FDA Warns India's Emcure Pharma for Repeatedly Fudging Data at Plant

FDA Warns India's Emcure Pharma for Repeatedly Fudging Data at Plant
March 17, 2016
By Mark Terry, BioSpace.com Breaking News Staff

The U.S. Food and Drug Administration (FDA) sent a warning letter to India-based Emcure Pharmaceuticals, citing “significant violations” of standard manufacturing practices found during a site inspection between Jan. 27 and Feb. 4.

“We observed multiple examples of incomplete, inaccurate, or falsified laboratory records,” the letter, dated March 3, stated. It was addressed to Satish Mehta, Emcure’s chief executive officer, and was posted on the FDA website on March 15.

The falsified records were related to appropriate environmental controls testing, which are performed to ensure drugs aren’t contaminated.

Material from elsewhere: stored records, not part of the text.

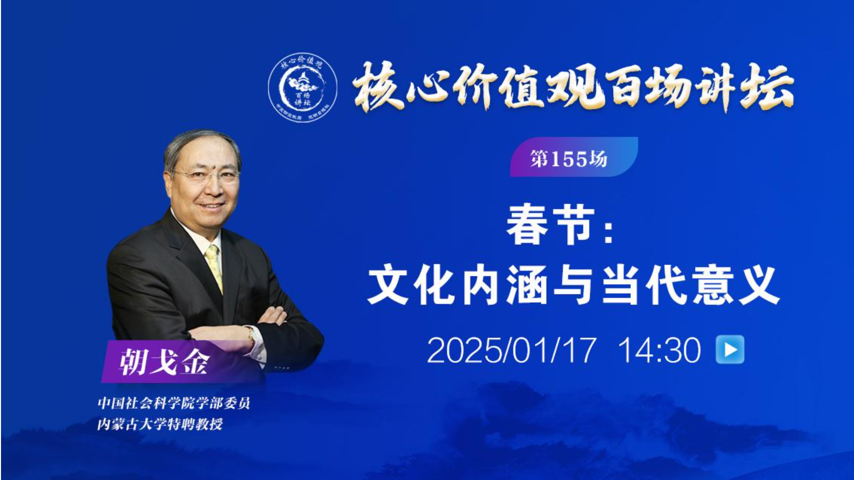 新华社北京1月17日电(记者 孙蕾)由中宣部宣教局、光明日报社共同主办的“核心价值观百场讲坛”第155场活动1月17日在中国非物质文化遗产馆举行。中国社会科学院学部委员、内蒙古大学特聘教授朝戈金作题为《春节:文化内涵与当代意义》的演讲。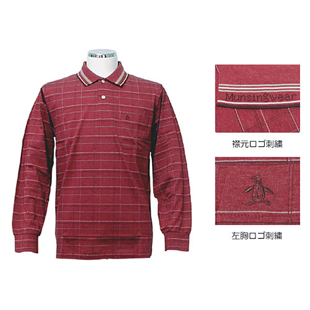 マンシングウェア チェックシャツ長袖 (ワインレッド) (L)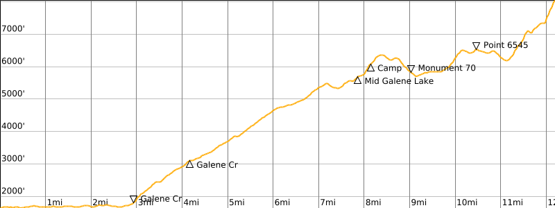Around 5:30pm, Mike and Fay arrived at the lake, which had some agreeable campsites, but we decided to ascend another 500 feet to Upper Galene Lake in hopes of getting above the bugs. This strategy did not pan out at all, because the mosquitoes were every bit a prevalent when we arrived at 7:00pm (7.4 hours from car). On the positive side, we had better views and were closer to our objective peak.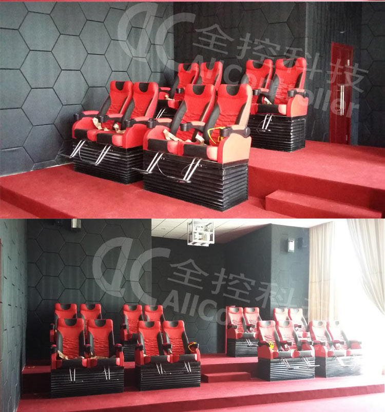 5D 影院是在3D 立體電影的基礎(chǔ)上加環(huán)境特效模擬仿真而組成的新型影視產(chǎn)品。觀眾在看立體電影時(shí),順著影視內(nèi)容的變化,可實(shí)時(shí)感受到風(fēng)暴、雷電、下雨、撞擊、噴灑水霧、拍腿等身邊所發(fā)生與立體影象對(duì)應(yīng)的事件,5D 的座椅具有噴水、噴氣、振動(dòng)、掃腿等功能。環(huán)境模擬仿真是指影院內(nèi)安裝有下雪、下雨、閃電、煙霧等特效設(shè)備,營(yíng)造一種與影片內(nèi)容相一致的環(huán)境。觀眾觀看5D 電影時(shí)有身臨其境,驚險(xiǎn)刺激的感覺,同時(shí)感受科技給人們生活帶來的娛樂和趣味性。5D 動(dòng)感電影的三自由度是載體可做升降、俯仰、擺動(dòng)三種運(yùn)動(dòng)方式。每套座椅可乘坐兩人,組合方便,動(dòng)感效果好。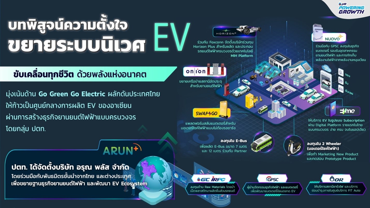 แม้ว่า อรุณพลัส (arunplus) จะก่อตั้งมาได้แค่ประมาณปีครึ่งในฐานะบริษัทย่อยของ ปตท. เพื่อดำเนินธุรกิจด้าน EV Value Chain แต่ เอกชัย เล่าว่าจริง ๆ แล้ว ปตท. ทำเรื่องอีวีมามาสักพักแล้ว เพียงแต่ทำภายในและกระจัดกระจาย ดังนั้น อรุณพลัส จึงทำหน้าที่เหมือนตัวกลางที่เชื่อมให้ทุกอย่างมารวมกันและขับเคลื่อนไปในทิศทางเดียวกัน เพื่อสนับสนุนการเปลี่ยนผ่านของผู้ประกอบการไทยในห่วงโซ่อุปทานจากเครื่องยนต์สันดาปไปสู่ยานยนต์ไฟฟ้า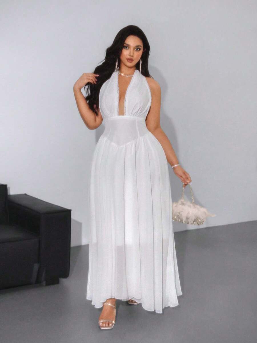Viva relle vestido largo vintage romantico y dulce de unicolor con cintura cenida para mujer de talla grande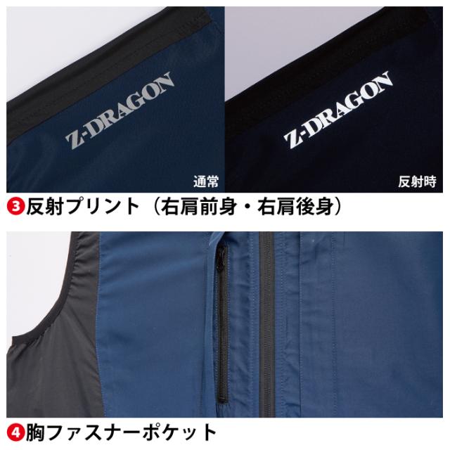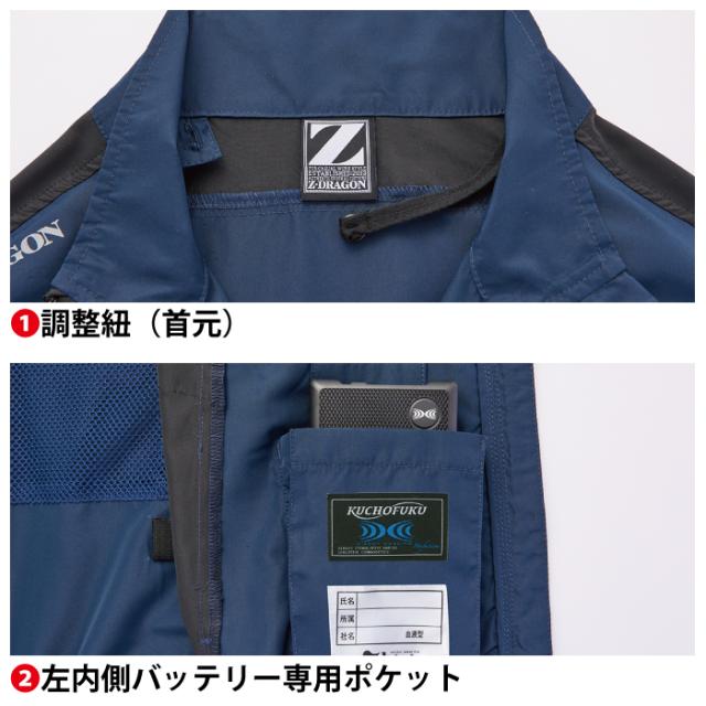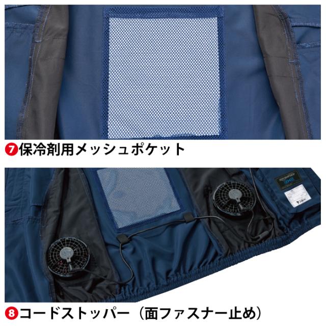 ◇機能:ストレッチ・野帳対応・調整紐(首元)・左内側バッテリー専用ポケット・ランヤードフックかけDカン・ファン脱落防止用メッシュ・保冷剤用メッシュポケット・反射プリント(右肩)・首元タック入り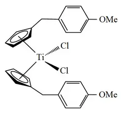 Titanocene Y also known as bis[(p-methoxybenzyl)cyclopentadienyl]titanium(IV) dichloride or dichloridobis(η5-(p-methoxybenzyl)cyclopentadienyl)titanium is an organotitanium compound that has been investigated for use as an anticancer drug.[1]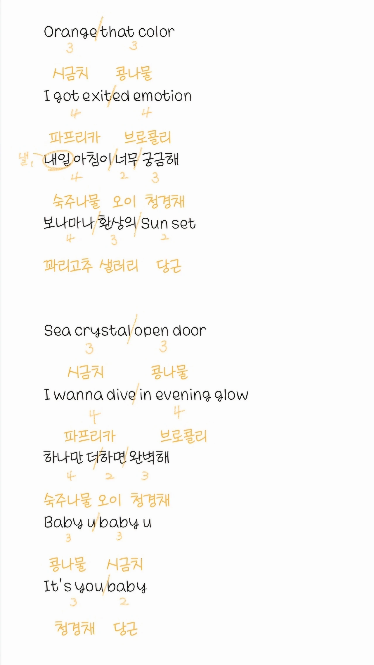 셋째 줄 '너무 궁금해'같은 경우는, 다섯 글자 자리로 봐도 무방해요. '오이 청경채'로도 잘 불리고, '청경채 오이'로도 잘 불리고, '아메리카노'로도 잘 불려요.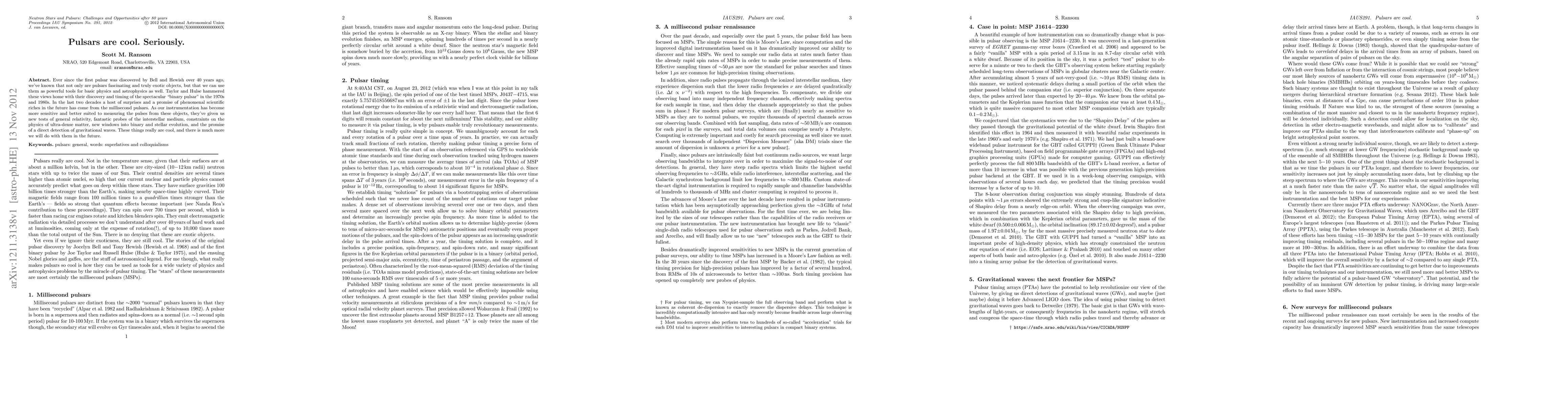 Ever since the first pulsar was discovered by Bell and Hewish over 40 years ago, we've known that not only are pulsars fascinating and truly exotic objects, but that we can use them as powerful tools for basic physics and astrophysics as well. Taylor and Hulse hammered these views home with their discovery and timing of the spectacular "binary pulsar" in the 1970s and 1980s. In the last two decades a host of surprises and a promise of phenomenal scientific riches in the future has come from the millisecond pulsars. As our instrumentation has become more sensitive and better suited to measuring the pulses from these objects, they've given us new tests of general relativity, fantastic probes of the interstellar medium, constraints on the physics of ultra-dense matter, new windows into binary and stellar evolution, and the promise of a direct detection of gravitational waves. These things really are cool, and there is much more we will do with them in the future.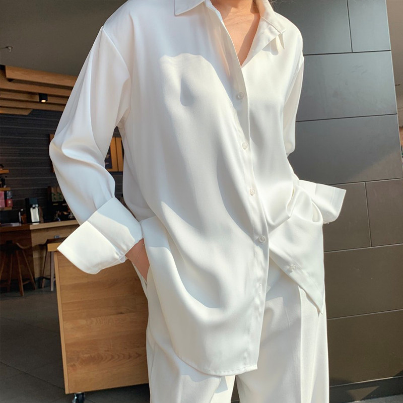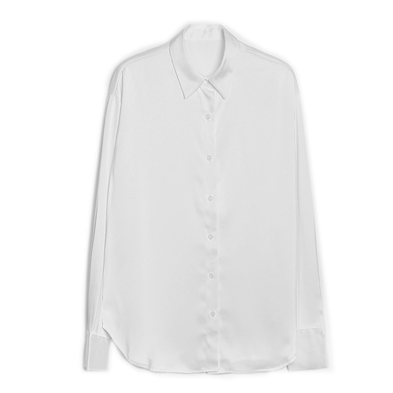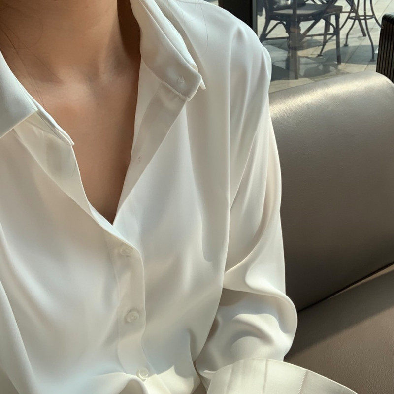 Real Silk Shirt Woman Design Sensation outside wearing 100 hitch silk mulberry silk long sleeve satin face lukewarm and thin shirt

An employee at the facility told FDA inspectors that faking records was “routine and due to work pressure.”

Emcure has 15 days to respond to the letter with corrective actions.

In addition to the records issue, the FDA criticized the facility’s design, laboratory setup and testing procedures.

“Your firm failed to establish laboratory controls that include scientifically sound and appropriate specifications, standards, sampling plans, and test procedures,” the letter stated, “designed to assure that drug products conform to appropriate standards of identity, strength, quality and purity.”

Emcure operates eight plants in India. The drugs it manufactures are marketed in the U.S., Europe, Brazil and Japan. It is a private company, although U.S.-based private equity firm Bain Capital owns a stake in the company.

This warning is just one of 42 drug manufacturing facilities in India that the U.S. FDA has banned in recent years as the result of increasing inspections of foreign drug suppliers. Indian companies supply almost 40 percent of the drugs sold in the U.S.

In January 2016, the FDA sent a report to Mumbai, India-based Wockhardt, indicating the company intentionally hid and deleted data regarding failed tests at its Shendra facility.

In July 2015, the World Health Organization (WHO) issued a “notice of concern” (NoC) to India-based contract research organization (CRO) Quest Life Sciences Pvt Ltd over critical lapses from clinical trial standards. A WHO Prequalification Team (PQT) inspected the company’s facility in Chennai, India in late 2014, focusing on Study No. LAZ/032/13, for HA619 Lamivudine, Zidovudine and Nevirapine tablets from Micro Labs Ltd. The three drugs are used to treat HIV.

In 2014, an FDA investigation found quality issues on drugs shipped to the U.S., including falsified records, related to India-based Sun Pharmaceutical Industries Ltd.

And in December 2014, BioSpace reported that the Maharashtra Food and Drug Administration (FDA) in Mumbai, India, has launched hundreds of surprise inspections of WHO certified pharmaceutical units. Those units received WHO certification after joint inspections performed by the Central Drugs Standard Control Organization (CDSCO) and state FDA. Of the 450 or more WHO certified pharmaceutical units, more than 50 had already been inspected.

Although the U.S. FDA has given Emcure 15 days to respond, there is no clear indication what the consequences will be if the company does not meet the deadline.